We've added a rubydebug codec to our output; this will display Logstash's output with Ruby's awesome_print gem. To ensure everything is correctly installed, let’s run Logstash with the simple conf file and send a message to stdin.

vagrant@precise64:~$ logstash-1.4.2/bin/logstash agent -f qbox.conf
hello world
{
  "message" => "hello world",
  "@timestamp" => "2014-10-28T16:25:43.483Z",
  "@version" => "1",
  "host" => "precise64"
}

The -f flag is used to specify a location for our configuration file. If you install Logstash with apt, you’ll write to this file in /etc/logstash/conf.d and have access to logs in /var/log/logstash.

In order for our Logstash instance to accept incoming data from Heroku, we’ll need to install Heroku’s toolbelt and Logstash’s contrib plugins. Let’s install the toolbelt, login and check our apps.
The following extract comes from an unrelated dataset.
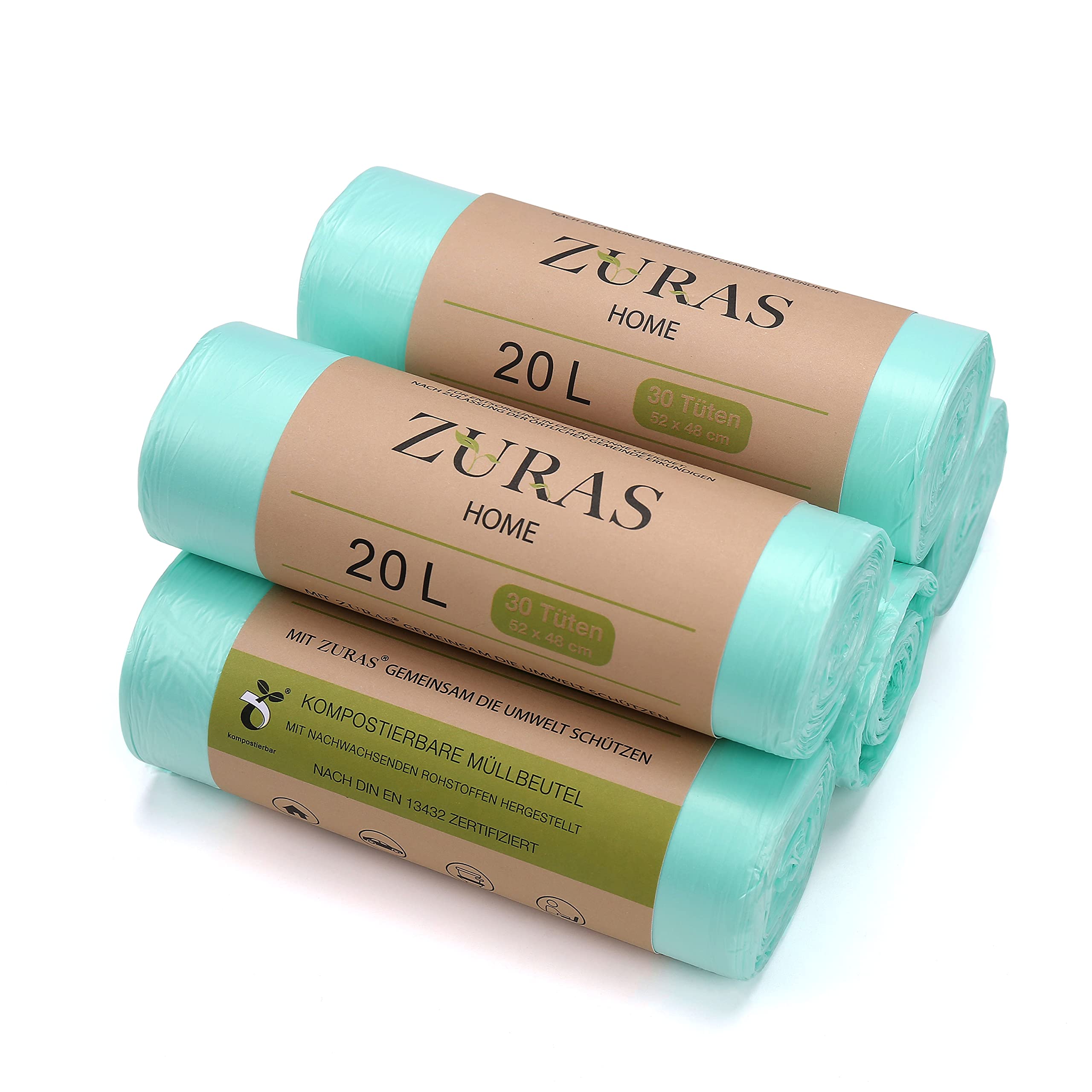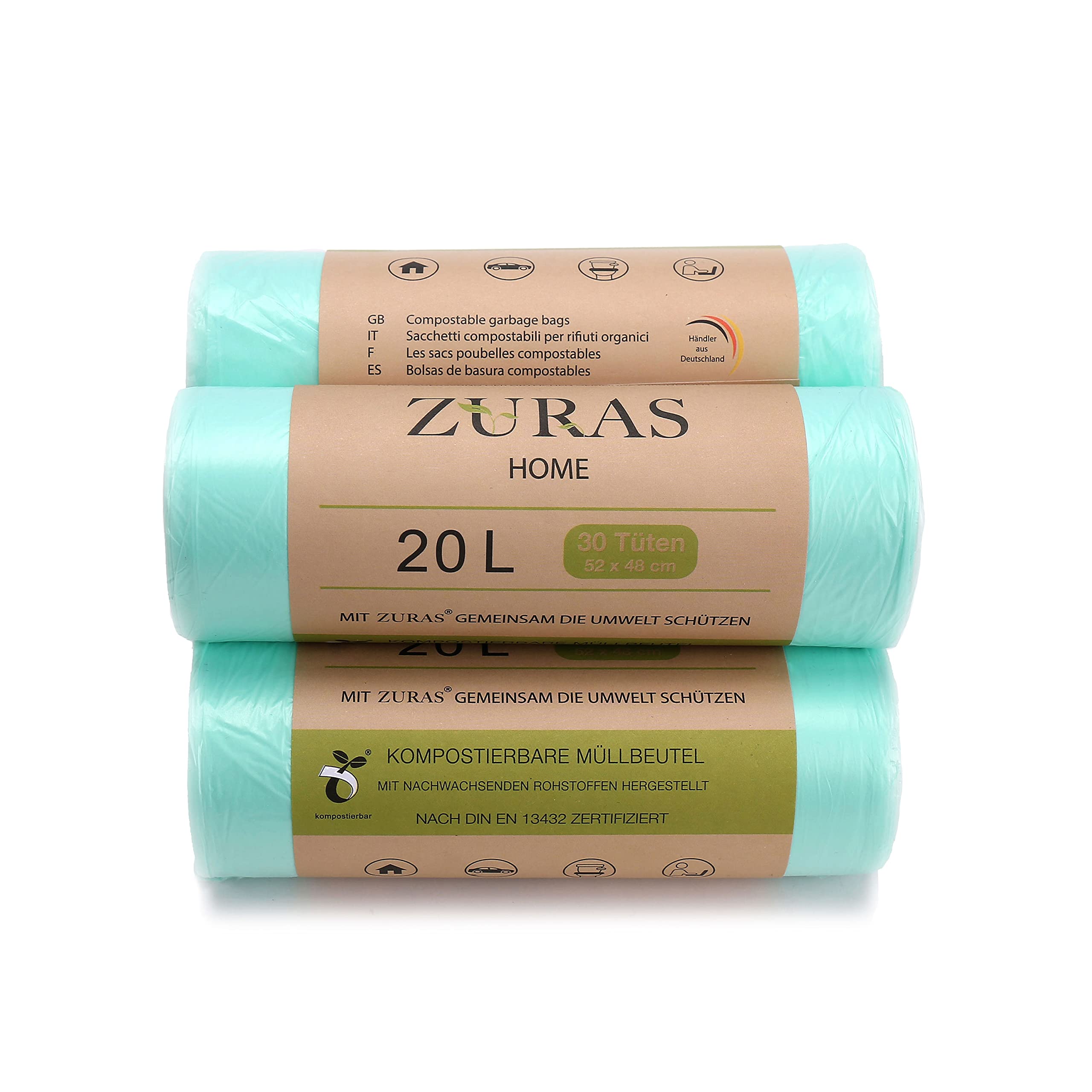 ZURAS 20 Liter Biomüllbeutel 150 Stk. kompostfähige, biologisch abbaubare Müllbeutel auf pflanzlicher Basis, DIN EN 13432 zertifiziert und geprüft, reissfest und wasserdicht

vagrant@precise64:~$ wget -qO- https://toolbelt.heroku.com/install-ubuntu.sh | sh
vagrant@precise64:~$ heroku login
vagrant@precise64:~$ heroku apps
=== My Apps
your-app-0001
your-app-0002

The contrib plugins are a separate repository of Logstash plugins that exist outside of the core of common plugins. These plugins provide Logstash with the functionality to interact with many different services, including Heroku. Logstash contains an automated script to easily install them:

vagrant@precise64:~$ logstash-1.4.2/bin/plugin install contrib

Warning: If you installed Logstash with apt, the automated plugin install in the current version of Logstash, 1.4.2, is unfortunately broken. However, the users participating in the GitHub issue have provided a simple workaround.

Let’s get back to our configuration file. We’ll need an input for Heroku, an output for our Qbox cluster and a filter. I’m using the pattern recommended by the Logstash team for the filter.

input {
  heroku { 
    app => "your-app-0001" 
  }
}
filter {
  grok {
    pattern => "^%{TIMESTAMP_ISO8601:timestamp} %{WORD:component}\[%{WORD:process}(?:\.%{INT:instance:int})?\]: %{DATA:message}$"
  }
  date { timestamp => ISO8601 }
}
output {
  stdout { }
  elasticsearch {
    host => "your-cluster-subdomain.qbox.io"
    port => "80"
    protocol => "http"
  }
}

Logstash is good to go! When you start it up, Logstash it should output some warnings about plugins and your parsed Heroku logs to stdout. To make sure your data is reaching your Qbox cluster, check Kibana for events.